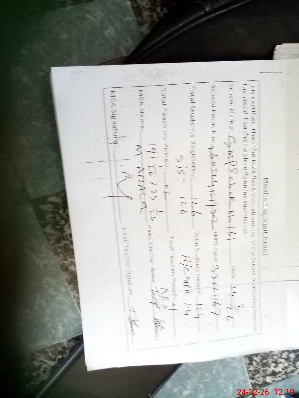 | Attendance Register | Head Teacher | MEA with School | Visit Proof |
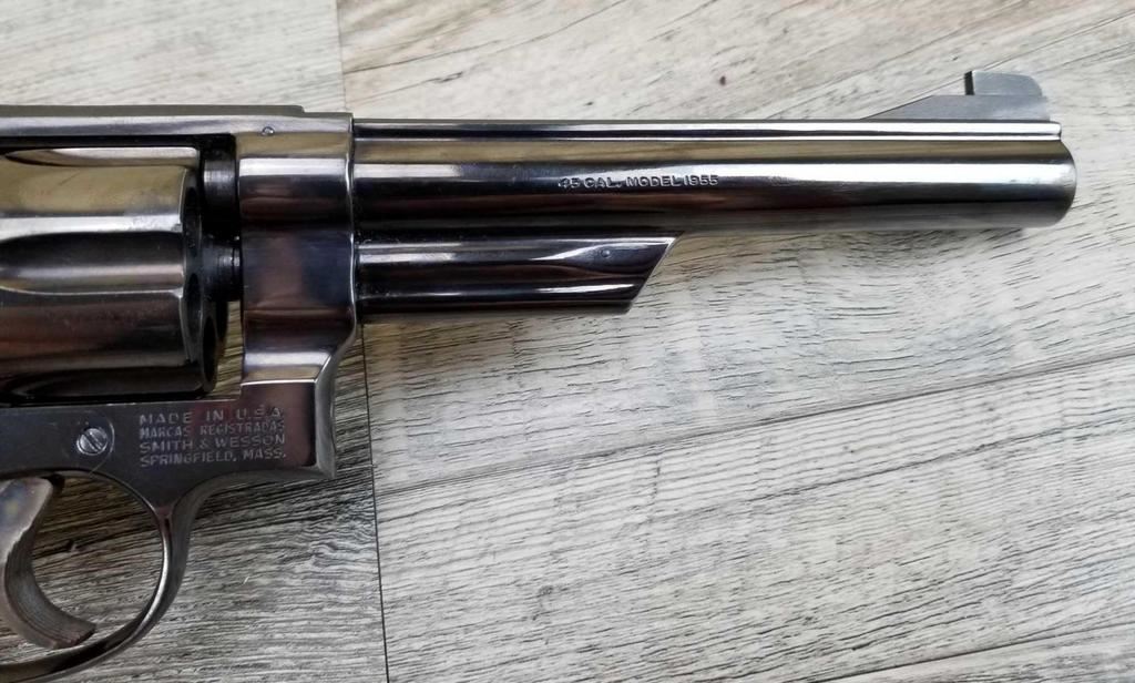 SOME FRECKLING DOWN BARREL. MARKED MODEL 1955 ON BARREL. REPLACEMENT GRIPS. MINT BORE.
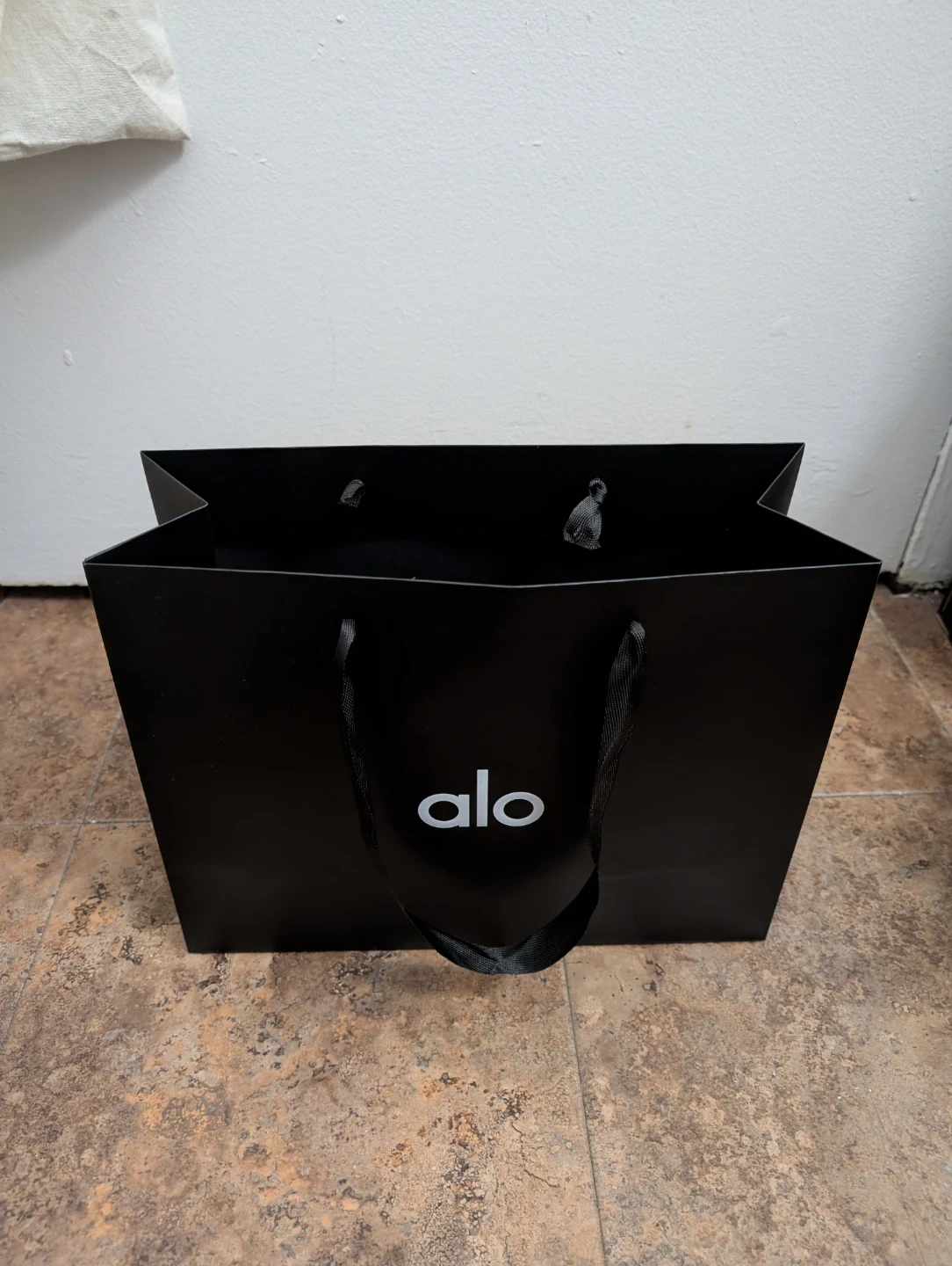 This is an Alo black paper shopping bag. It has ribbon handles and the Alo logo printed on the front. Perfect for carrying purchases!
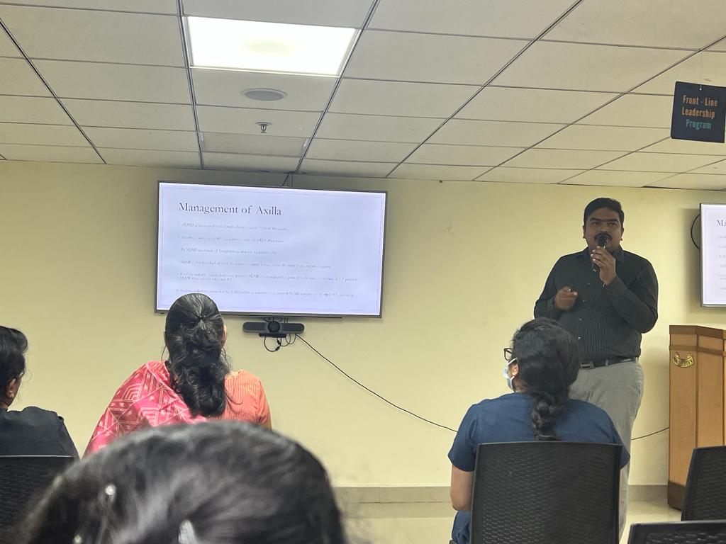 Breast cancer awareness talk given to general public on the occasion breast cancer awareness month by Dr. Manikandan on 07/10/22. Talk was about how to identify breast cancer and seek help.

The problem
Write out the lines of the material above exactly, from its first line through the line that contains "This is an Alo", so that no picture appears in the copy.

Written solution
 | Attendance Register | Head Teacher | MEA with School | Visit Proof |
 SOME FRECKLING DOWN BARREL. MARKED MODEL 1955 ON BARREL. REPLACEMENT GRIPS. MINT BORE.
 This is an Alo black paper shopping bag. It has ribbon handles and the Alo logo printed on the front. Perfect for carrying purchases!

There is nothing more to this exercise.